**RAW DATA**:
────────────────

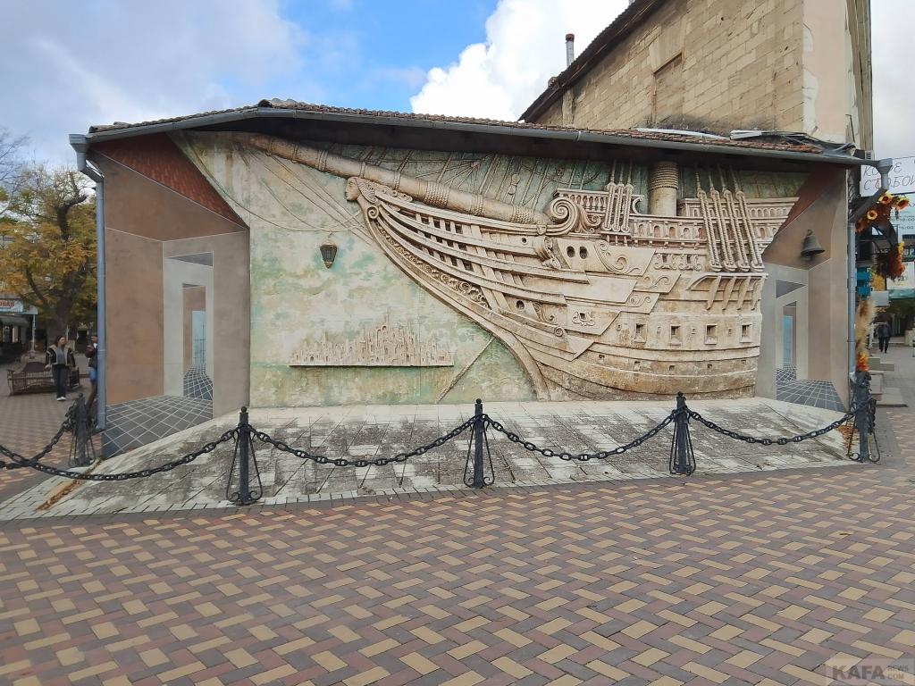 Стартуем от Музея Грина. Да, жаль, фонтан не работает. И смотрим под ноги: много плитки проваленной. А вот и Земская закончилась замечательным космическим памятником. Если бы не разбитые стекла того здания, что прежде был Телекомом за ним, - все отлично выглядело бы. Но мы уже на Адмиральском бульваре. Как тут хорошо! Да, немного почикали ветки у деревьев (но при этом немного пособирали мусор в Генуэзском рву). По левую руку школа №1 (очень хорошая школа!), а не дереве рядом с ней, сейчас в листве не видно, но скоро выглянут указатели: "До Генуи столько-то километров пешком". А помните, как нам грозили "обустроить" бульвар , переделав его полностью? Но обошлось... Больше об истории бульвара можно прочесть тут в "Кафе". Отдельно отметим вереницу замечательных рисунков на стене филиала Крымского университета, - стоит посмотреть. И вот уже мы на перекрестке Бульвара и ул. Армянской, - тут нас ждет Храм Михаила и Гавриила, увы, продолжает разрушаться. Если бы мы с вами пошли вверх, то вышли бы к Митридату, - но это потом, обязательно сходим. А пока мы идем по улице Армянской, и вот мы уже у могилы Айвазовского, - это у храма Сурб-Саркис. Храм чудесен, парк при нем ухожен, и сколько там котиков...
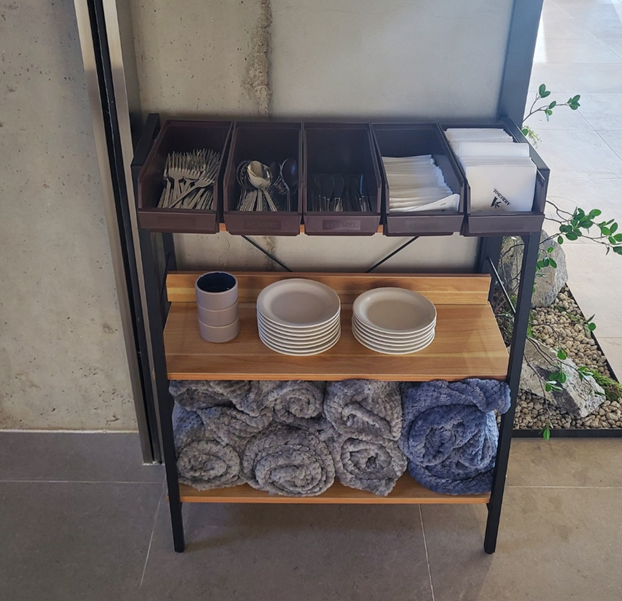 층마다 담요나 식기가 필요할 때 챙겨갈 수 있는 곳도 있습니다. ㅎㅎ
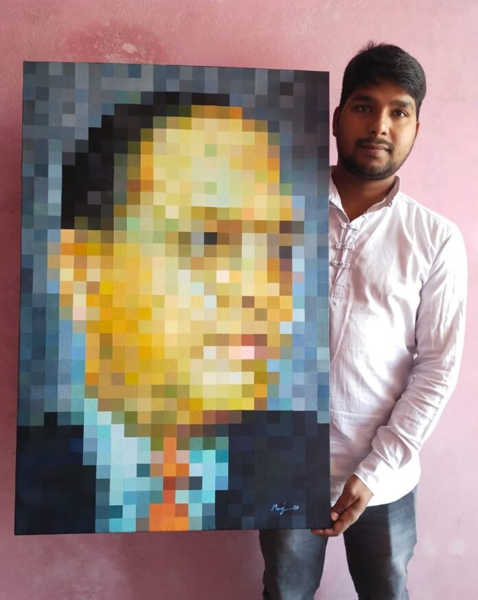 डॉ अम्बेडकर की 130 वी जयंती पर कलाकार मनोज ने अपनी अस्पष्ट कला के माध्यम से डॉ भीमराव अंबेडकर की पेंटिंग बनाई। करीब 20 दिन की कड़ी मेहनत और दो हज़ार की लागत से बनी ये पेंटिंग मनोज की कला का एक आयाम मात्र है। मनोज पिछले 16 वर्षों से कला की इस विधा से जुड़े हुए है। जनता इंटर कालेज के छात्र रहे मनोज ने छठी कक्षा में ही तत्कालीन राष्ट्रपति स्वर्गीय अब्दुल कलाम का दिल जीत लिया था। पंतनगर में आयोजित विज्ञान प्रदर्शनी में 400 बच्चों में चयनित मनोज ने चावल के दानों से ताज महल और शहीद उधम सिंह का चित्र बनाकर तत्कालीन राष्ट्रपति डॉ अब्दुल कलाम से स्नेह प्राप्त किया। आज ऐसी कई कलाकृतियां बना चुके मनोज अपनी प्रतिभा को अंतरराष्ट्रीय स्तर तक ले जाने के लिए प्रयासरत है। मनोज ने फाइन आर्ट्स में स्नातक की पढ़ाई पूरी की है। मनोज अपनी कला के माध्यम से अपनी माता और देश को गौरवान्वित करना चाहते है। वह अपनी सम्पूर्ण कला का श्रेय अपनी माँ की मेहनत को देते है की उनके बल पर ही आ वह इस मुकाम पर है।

────────────────

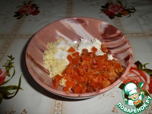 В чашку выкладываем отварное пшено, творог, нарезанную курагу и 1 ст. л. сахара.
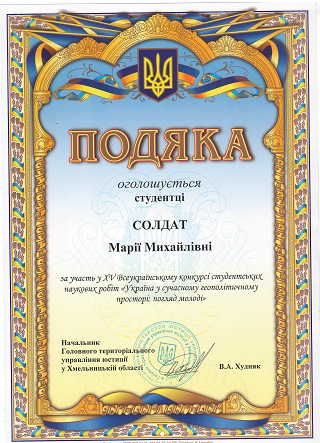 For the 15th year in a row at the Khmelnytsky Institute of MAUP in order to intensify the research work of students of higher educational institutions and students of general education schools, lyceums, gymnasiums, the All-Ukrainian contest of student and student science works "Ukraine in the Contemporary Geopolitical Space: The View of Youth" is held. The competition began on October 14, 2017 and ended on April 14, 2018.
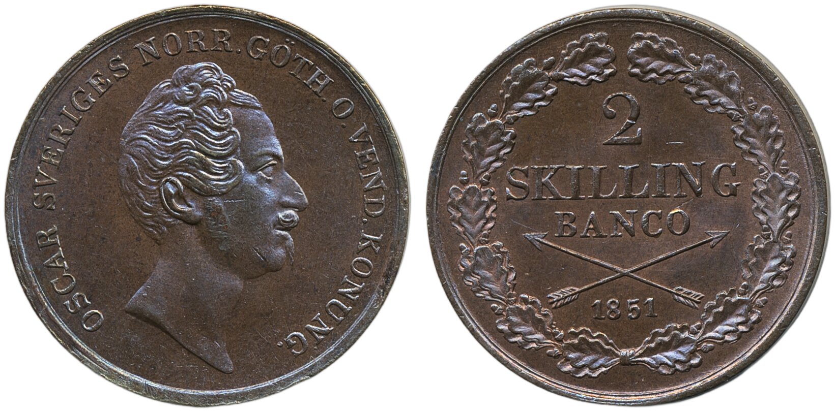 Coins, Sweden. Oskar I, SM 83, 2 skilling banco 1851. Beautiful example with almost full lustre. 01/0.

────────────────

**DIRECTIONS**: Your task is to copy only the lines above starting at the one containing "For the 15th" and ending at the one containing "Coins, Sweden. Oskar". Copy them exactly, both ends included, and omit the pictures.

**ANSWER TO THE EXERCISE**:
 For the 15th year in a row at the Khmelnytsky Institute of MAUP in order to intensify the research work of students of higher educational institutions and students of general education schools, lyceums, gymnasiums, the All-Ukrainian contest of student and student science works "Ukraine in the Contemporary Geopolitical Space: The View of Youth" is held. The competition began on October 14, 2017 and ended on April 14, 2018.
 Coins, Sweden. Oskar I, SM 83, 2 skilling banco 1851. Beautiful example with almost full lustre. 01/0.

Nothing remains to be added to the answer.